16. The method of claim 2, wherein the solar cell testing apparatus is configured for measuring tandem junction solar cell modules.

17. The method of calibrating a light source of claim 1, further comprising, in step a), monitoring an intensity of light from the light source by measuring an output short circuit current of the control cell on a daily basis.

18. The method of calibrating a light source of claim 1, further comprising, in step d), measuring an output short circuit current, an output open circuit voltage and a quantum efficiency of the monitoring module on a daily basis.

19. The method of calibrating a light source of claim 3, h) further comprising measuring an output short circuit current, an output open circuit voltage and a quantum efficiency of the reference module on a weekly basis.
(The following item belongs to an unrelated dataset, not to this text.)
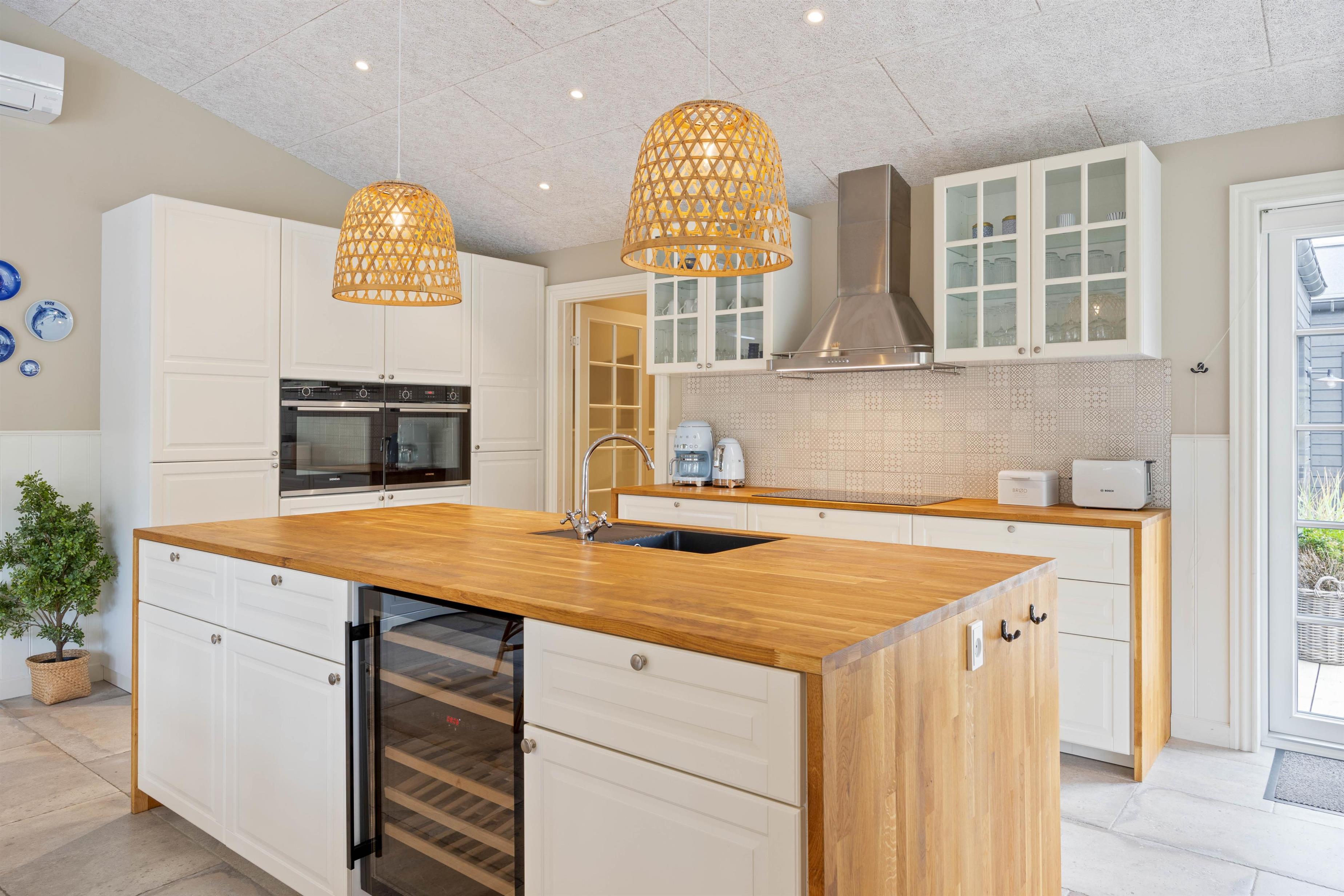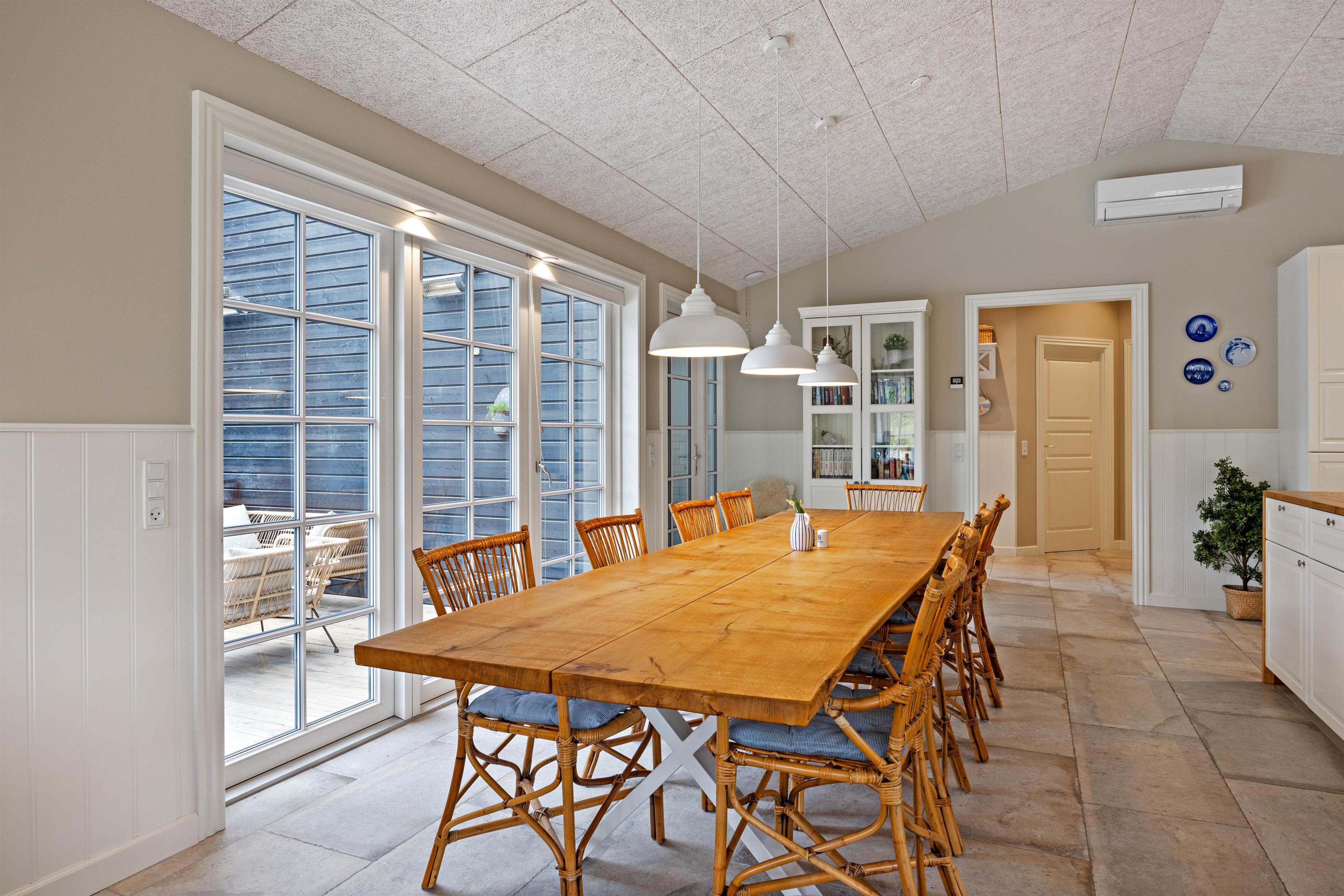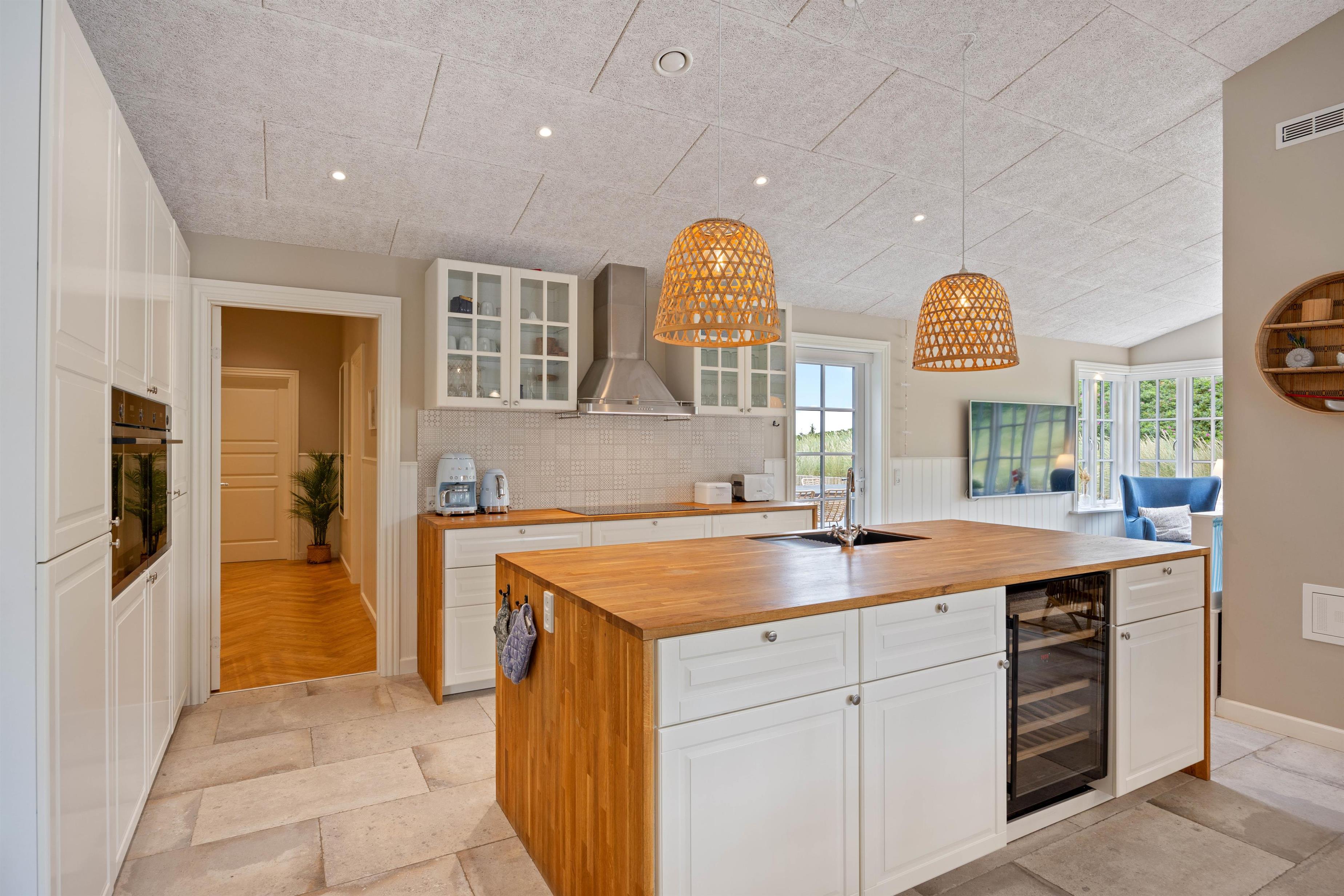 I dette rummelige sommerhus på 230 kvadratmeter er køkken/alrummet det naturlige mødested for feriehusets beboere. Her mødes man til dagens måltider – hvis ikke, de indtages ude på terrassen. Eller man slapper af med brætspil eller en TV-serie foran brændeovnen. Det fine lysindfald gennem de brede partier med sprossevinduer og de lyse, nordiske farver giver et varmt og inspirerende miljø. I det åbne køkken er alt, hvad I behøver for at fremstille de hjemmelavede og lækre måltider, som indtages ved spisebordet.

20. The method of calibrating a light source of claim 1, wherein the first wavelength range is in the range of about 620 nm to 750 nm.

21. The method of calibrating a light source of claim 2, wherein the second wavelength range is in the range of about 440 nm to 490 nm.

22. The method of calibrating a light source of claim 2, wherein an acceptable percentage difference between the measured intensity and the targeted intensity value in b) is about 1%.

23. The method of calibrating a light source of claim 2, wherein an acceptable percentage difference in intensity ratio measured in b) is about 3%.

24. The method of calibrating a light source of claim 2, wherein an acceptable percentage difference in monitoring module output short circuit current determined in step g) is about 2%, an acceptable percentage difference in monitoring module output open circuit voltage determined in step g) is about 2% and an acceptable percentage difference in monitoring module quantum efficiency determined in step g) is about 4%.

25. The method of calibrating a light source of claim 3, wherein an acceptable percentage difference in reference module output short circuit current determined in step j) is about 1%, an acceptable percentage difference in reference module output open circuit voltage determined in step j) is about 1% and an acceptable percentage difference in reference module quantum efficiency determined in step j) is about 2%.